In a desperate bid for privacy, they had tried to modify the room but the attempt was no good. To add to the list of the things they shared, the men had a small piece of shamba that they cultivated during their free hours to supplement the food they received from their boss.

This part of the country being hot and dry, they had to water whatever plants they had in their small shamba. They drew water from ponds in the defunct quarries using old metal buckets.

These old quarries had turned out to be reservoirs of rainwater and a menace since it was a major breeding ground for mosquitoes. It was hard work but at the end of the day, they were even able to get a little cash through the sale of their farm produce.

In this way of working together, the two became firm friends. Mugo had helped Karume to secure a job in the quarries.

There was a Sudden Guttural Cry of Terror

As they worked in silence, there was a sudden guttural cry of terror from the bowels of the open quarry. At first, all the workers listened trying to determine the exact location of the distress call.

Then pandemonium broke as they rushed down to what could have been called the basin of the quarry. There was noise, shouting, screaming and confusion in the quarry.

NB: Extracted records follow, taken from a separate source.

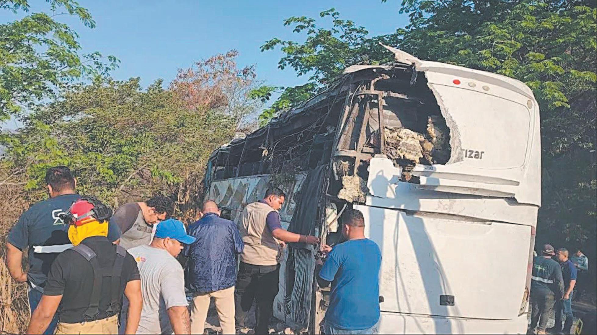 El Alcalde ordenó traer químicos desde Brownsville. (POR ESTO!) Sheinbaum viajó a Mazatlán a dar conferencia. (Cuartoscuro) Miguel Ángel Menéndez Cámara Patricia María Menéndez Cámara Sergio Rugerio Palacios Mario Renato Menéndez Rodríguez Fundador y Director Honorario Alicia Menéndez FigueroaTEPIC, Nay.- La volcadura de un autobús con turistas hacia un barranco en el kilómetro 49 de la carretera federal 200 Tepic-Puerto Vallarta, en Nayarit, dejó un saldo de 18 personas sin vida, además de 33 heridas, anunció ayer la Fiscalía General del Estado a través de un comunicado. El siniestro ocurrió este sábado a las 20:00 horas, pero fue hasta ayer por la mañana al concluir las labores de rescate cuando la Fiscalía estatal reportó el percance, en el que perdieron la vida siete hombres y 11 mujeres; los heridos, 11 de ellos menores de edad de entre tres y 17 años, fueron trasladados a tres nosocomios ubicados en Tepic y Compostela. La unidad particular se dirigía a Guayabitos, Compostela, e iba con pasaje turístico proveniente de Guadalajara, Jalisco, reportó la Fiscalía. Se indicó que el autobús particular cayó en un barranco de aproximadamente 15 metros en la carretera federal 200 Tepic-Puerto Vallarta, en Nayarit, a la altura de la localidad de Mesillas, municipio de Compostela. La Secretaría de Seguridad y Protección Ciudadana de Nayarit expuso que recibió un reporte al 911 del accidente, por lo que se presentaron elementos de la Policía Estatal, bomberos, Protección Civil de Compostela y la Cruz Roja Mexicana.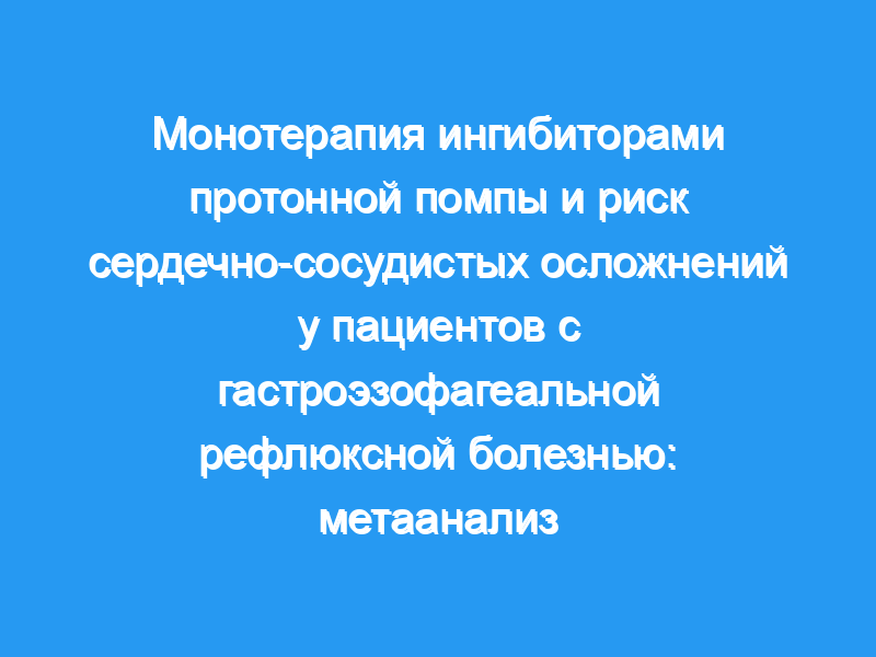 Предпосылки и цель: Ингибиторы протонной помпы (ИПП) обычно используются в качестве мощных антагонистов секреции желудочной кислоты при желудочно-пищеводных расстройствах, и их общая безопасность у пациентов с желудочно-пищеводной рефлюксной болезнью (ГЭРБ) считается хорошей, и они хорошо переносятся. Однако недавние исследования показали, что ИЦП может быть потенциальным независимым фактором риска сердечно-сосудистых нежелательных явлений. Целью нашего мета-анализа было изучение связи между монотерапией ИППП и сердечно-сосудистыми событиями у пациентов с ГЭРБ.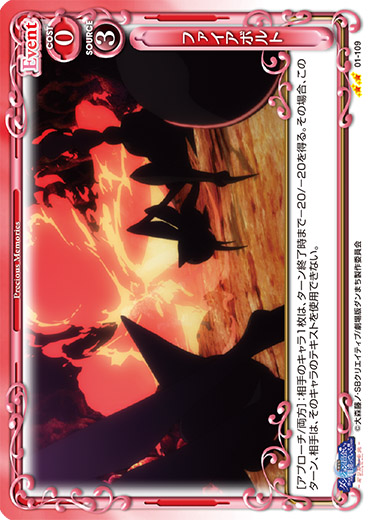 | [アプローチ/両方]:相手のキャラ1枚は、ターン終了時まで-20/-20を得る。その場合、このターン、相手は、そのキャラのテキストを使用できない。 | ||

As Karume and the other workers descended, loose rocks prevented them from hurrying but in no time they were at the base of the quarry. What they saw was horrifying.

A part of the hanging rocks had caved in on the men who were working there. Two men had been crushed severely by the fallen rocks. Their co-workers began the rescue operation immediately by hauling away the heavy rocks to free the trapped men.

It was an awful accident. One man had his hipbone crushed while the other had his leg trapped under the tumbled rocks.

After the heavy work of lifting the rocks, the two men were rescued but they were in a bad shape. They were both wriggling with intense pain. There was blood on their clothes. The scene was ghastly.

The Two Men Were Given First Aid

The quarrymen were horrified and as they made a make-shift stretcher they were all silent perhaps each wondering what if it had been them. Ting Shark rarely visited these deep parts of the quarry.

Mostly he sent his foreman as he had done now. The two men were given first aid before they were raised onto the stretchers. The stretcher-bearers now struggled with the groaning men taking them up from the base of the quarry.

This accident could not have happened had Ting Shark been a careful man, but he was a man of shortcuts and he never followed the norm of doing things.

There was no safety procedure or precautions as long as the money was flowing in, and with no proper follow up by the government, things had turned from bad to worse. At last, they moved to Ting Shark’s office and summoned him.

The injured men were put in one of the lorries used to carry sand and rushed to the nearby hospital. The quarrymen were left standing with sullen faces. They knew of the sad fate that had befallen the two men.

If they were lucky to pull through, then they would never stand on their two feet. What was even worse was the fact that Ting Shark would not compensate them for their bodily harm. In short, it would be as if their lives had come to an end.